Brightest Day Is Any Day For All I Care #95

Brightest Day #17
Brightest Day #18
Brightest Day #19

Brightest Day #17 (DC, 2011, $2.99)
Firestorm cover. Four pages of the interior, two a lazy spread, and none at all the following two issues. Fuck you, truth in advertising. Aquaman variant cover. No interior pages whatsoever. No water based lubricant, much less Vaseline.

Firestorm is in the anti-matter universe, so I guess the Anti-Monitor is going to cock things up before this is all over.

I couldn't understand what people were seeing in the Deadman strip, but this edition featured a luscious Dove and some Tuesdays With Morrie manipulative bullshit that worked just well enough to sucker me in.

The Hawks dominate this issue, and they appear to be feasting on their own entrails. There's a 1 1/3 page spread, a two-pager, a splash, and a bunch of three panel pages, but someone needs to explain to Ardian Syaf that none of it sells the scope of an epic battle if you never draw more than four figures and some abstract background elements. Between Hath-Set being dead and Hawkgirl's evil mother not being able to "act" through her featureless mask, I just keep thinking this should have been over with by now.
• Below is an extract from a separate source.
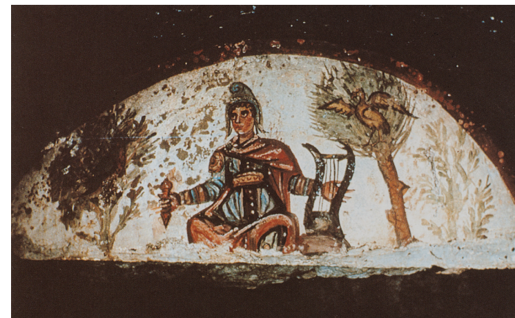
Orphée, fresque dans les catacombes des saints Marcellin et Pierre à Rome

Worst of all, there's a totally arbitrary "twist" at the end that will leave you... yeah, it'll just leave you.

Brightest Day #18 (DC, 2011, $2.99)
Captain Boomerang and Captain Cold are on the first page of this book for no reason but to allude to a storyline in The Flash and remind people the Boomerang has to show up at the tail end of this thing to fulfill some bullshit prophesy. It pisses me off, because Boomerang only shows up for a few panels every five or six issues for this purpose, because this whole series is pretty pointless beyond setting up the inevitable spin-off series. It's like DC Sampler as a maxi-series.

The second page is a series of panels acknowledging that, unlike the Martian Manhunter, the book hasn't completely dropped Deadman or Firestorm yet.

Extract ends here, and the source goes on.